Start of Listed records

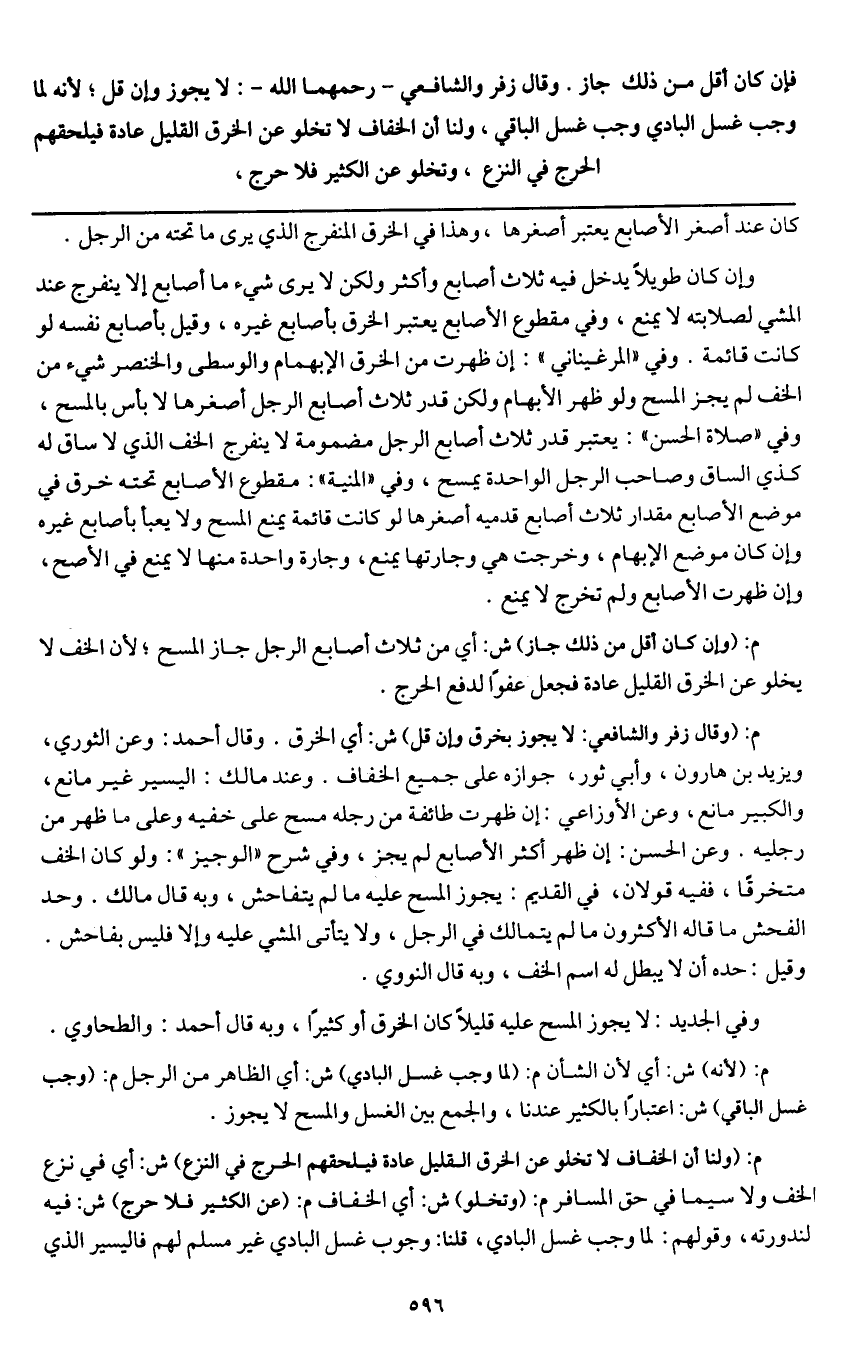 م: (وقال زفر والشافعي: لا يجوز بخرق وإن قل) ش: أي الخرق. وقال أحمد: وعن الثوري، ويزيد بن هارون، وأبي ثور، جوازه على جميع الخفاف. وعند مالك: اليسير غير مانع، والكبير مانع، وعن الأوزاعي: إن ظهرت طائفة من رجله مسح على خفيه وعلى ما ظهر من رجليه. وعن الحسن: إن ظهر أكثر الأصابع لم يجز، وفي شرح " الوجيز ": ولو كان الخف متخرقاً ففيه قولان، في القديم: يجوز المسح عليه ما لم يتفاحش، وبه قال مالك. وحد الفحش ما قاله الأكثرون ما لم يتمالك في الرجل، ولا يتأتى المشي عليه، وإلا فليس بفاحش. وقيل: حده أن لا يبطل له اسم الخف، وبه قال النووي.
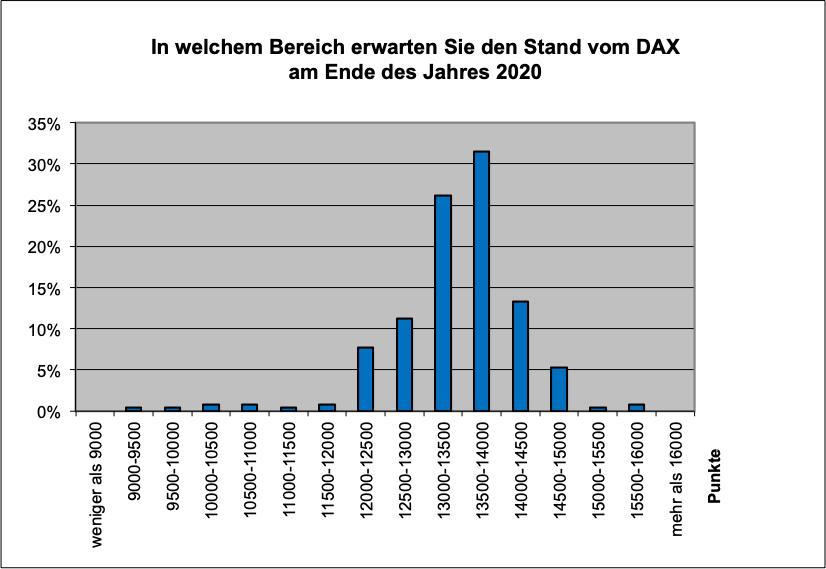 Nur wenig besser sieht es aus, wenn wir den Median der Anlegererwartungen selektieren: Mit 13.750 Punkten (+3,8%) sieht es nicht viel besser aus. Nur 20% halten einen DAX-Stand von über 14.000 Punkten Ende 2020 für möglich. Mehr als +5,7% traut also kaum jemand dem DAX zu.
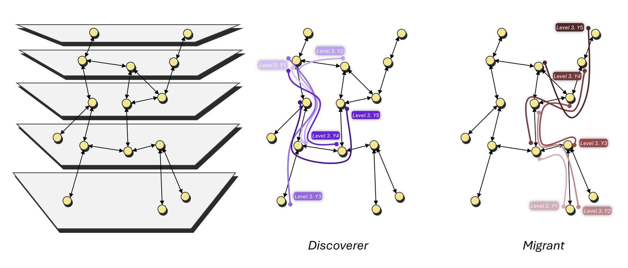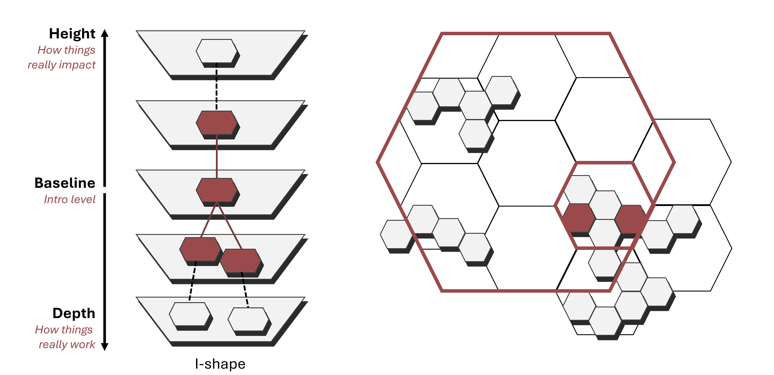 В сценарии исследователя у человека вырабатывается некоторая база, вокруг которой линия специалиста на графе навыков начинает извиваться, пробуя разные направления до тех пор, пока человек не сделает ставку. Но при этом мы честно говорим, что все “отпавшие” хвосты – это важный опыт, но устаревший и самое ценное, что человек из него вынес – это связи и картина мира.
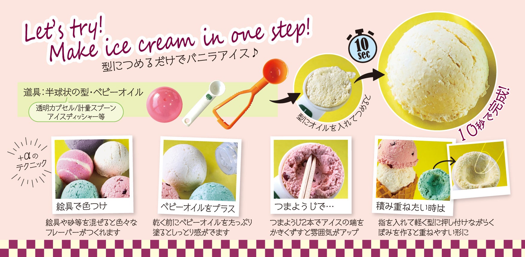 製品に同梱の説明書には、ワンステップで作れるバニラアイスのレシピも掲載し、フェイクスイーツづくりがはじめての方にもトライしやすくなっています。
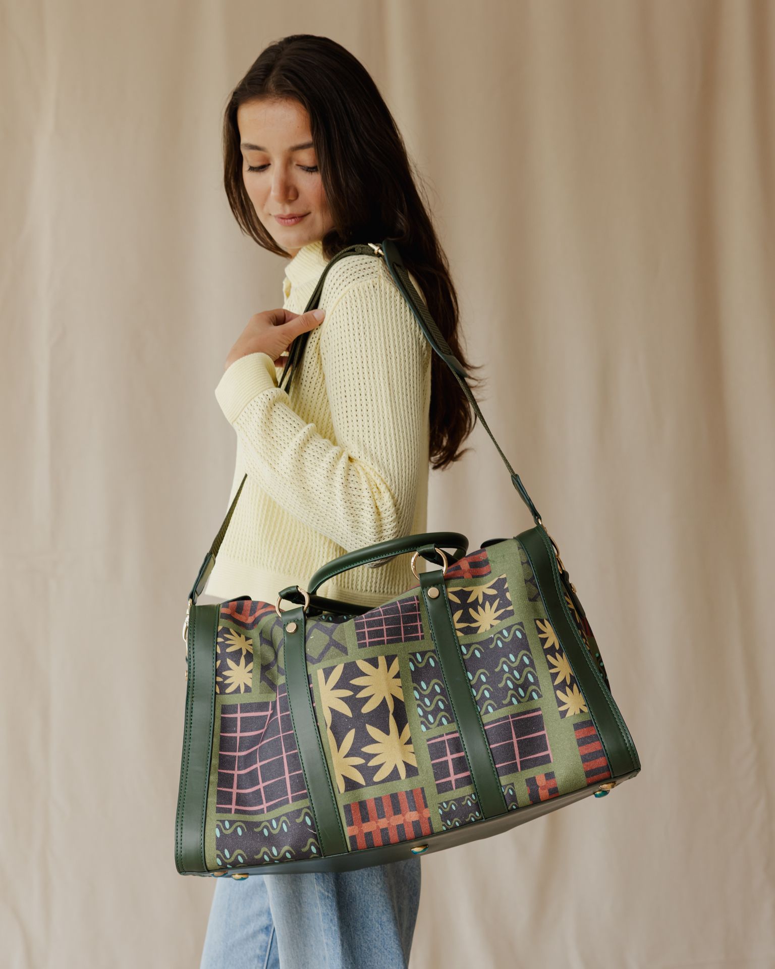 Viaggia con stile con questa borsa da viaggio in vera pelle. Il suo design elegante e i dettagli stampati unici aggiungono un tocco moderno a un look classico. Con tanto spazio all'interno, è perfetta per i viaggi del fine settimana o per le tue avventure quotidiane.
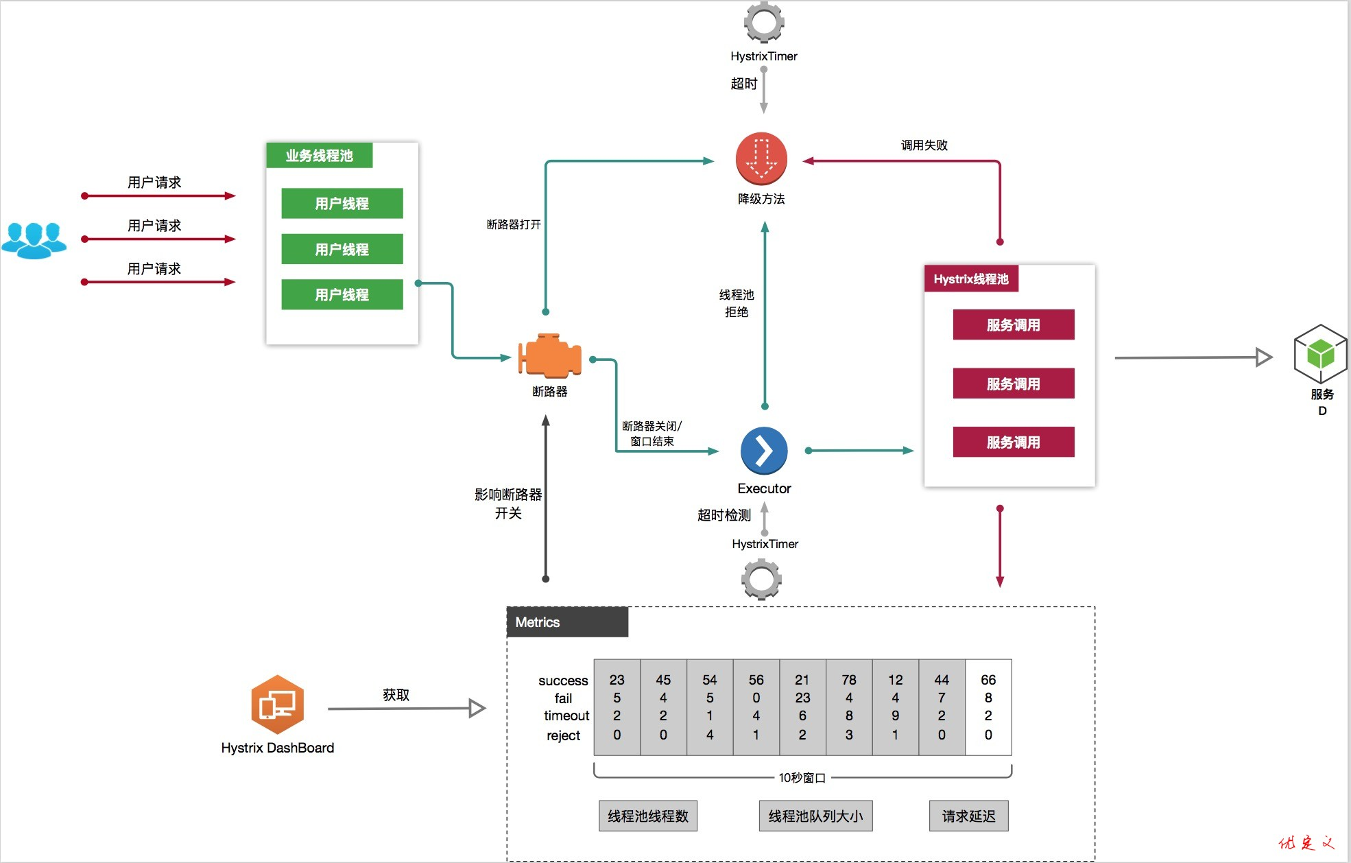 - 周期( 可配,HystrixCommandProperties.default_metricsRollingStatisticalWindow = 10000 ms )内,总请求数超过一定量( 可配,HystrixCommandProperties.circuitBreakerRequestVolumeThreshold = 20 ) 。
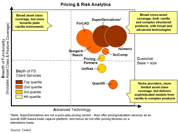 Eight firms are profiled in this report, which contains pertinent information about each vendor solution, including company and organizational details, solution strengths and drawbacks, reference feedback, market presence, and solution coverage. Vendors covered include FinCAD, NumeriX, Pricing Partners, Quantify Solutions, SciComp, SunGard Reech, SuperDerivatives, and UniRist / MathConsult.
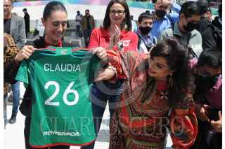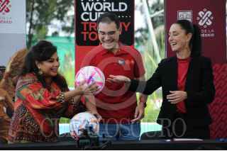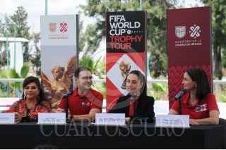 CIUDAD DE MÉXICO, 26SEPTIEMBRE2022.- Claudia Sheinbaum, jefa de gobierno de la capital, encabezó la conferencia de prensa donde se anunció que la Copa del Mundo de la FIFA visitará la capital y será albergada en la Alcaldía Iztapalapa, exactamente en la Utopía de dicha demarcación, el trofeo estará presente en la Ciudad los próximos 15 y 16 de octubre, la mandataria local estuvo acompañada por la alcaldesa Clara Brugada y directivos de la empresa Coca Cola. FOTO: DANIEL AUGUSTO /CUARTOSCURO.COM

End of Listed records

#### About this exercise:
Please write out every record above exactly, but leave the pictures out.

#### Answer to this task:
 م: (وقال زفر والشافعي: لا يجوز بخرق وإن قل) ش: أي الخرق. وقال أحمد: وعن الثوري، ويزيد بن هارون، وأبي ثور، جوازه على جميع الخفاف. وعند مالك: اليسير غير مانع، والكبير مانع، وعن الأوزاعي: إن ظهرت طائفة من رجله مسح على خفيه وعلى ما ظهر من رجليه. وعن الحسن: إن ظهر أكثر الأصابع لم يجز، وفي شرح " الوجيز ": ولو كان الخف متخرقاً ففيه قولان، في القديم: يجوز المسح عليه ما لم يتفاحش، وبه قال مالك. وحد الفحش ما قاله الأكثرون ما لم يتمالك في الرجل، ولا يتأتى المشي عليه، وإلا فليس بفاحش. وقيل: حده أن لا يبطل له اسم الخف، وبه قال النووي.
 Nur wenig besser sieht es aus, wenn wir den Median der Anlegererwartungen selektieren: Mit 13.750 Punkten (+3,8%) sieht es nicht viel besser aus. Nur 20% halten einen DAX-Stand von über 14.000 Punkten Ende 2020 für möglich. Mehr als +5,7% traut also kaum jemand dem DAX zu.
 В сценарии исследователя у человека вырабатывается некоторая база, вокруг которой линия специалиста на графе навыков начинает извиваться, пробуя разные направления до тех пор, пока человек не сделает ставку. Но при этом мы честно говорим, что все “отпавшие” хвосты – это важный опыт, но устаревший и самое ценное, что человек из него вынес – это связи и картина мира.
 製品に同梱の説明書には、ワンステップで作れるバニラアイスのレシピも掲載し、フェイクスイーツづくりがはじめての方にもトライしやすくなっています。
 Viaggia con stile con questa borsa da viaggio in vera pelle. Il suo design elegante e i dettagli stampati unici aggiungono un tocco moderno a un look classico. Con tanto spazio all'interno, è perfetta per i viaggi del fine settimana o per le tue avventure quotidiane.
 - 周期( 可配,HystrixCommandProperties.default_metricsRollingStatisticalWindow = 10000 ms )内,总请求数超过一定量( 可配,HystrixCommandProperties.circuitBreakerRequestVolumeThreshold = 20 ) 。
 Eight firms are profiled in this report, which contains pertinent information about each vendor solution, including company and organizational details, solution strengths and drawbacks, reference feedback, market presence, and solution coverage. Vendors covered include FinCAD, NumeriX, Pricing Partners, Quantify Solutions, SciComp, SunGard Reech, SuperDerivatives, and UniRist / MathConsult.
 CIUDAD DE MÉXICO, 26SEPTIEMBRE2022.- Claudia Sheinbaum, jefa de gobierno de la capital, encabezó la conferencia de prensa donde se anunció que la Copa del Mundo de la FIFA visitará la capital y será albergada en la Alcaldía Iztapalapa, exactamente en la Utopía de dicha demarcación, el trofeo estará presente en la Ciudad los próximos 15 y 16 de octubre, la mandataria local estuvo acompañada por la alcaldesa Clara Brugada y directivos de la empresa Coca Cola. FOTO: DANIEL AUGUSTO /CUARTOSCURO.COM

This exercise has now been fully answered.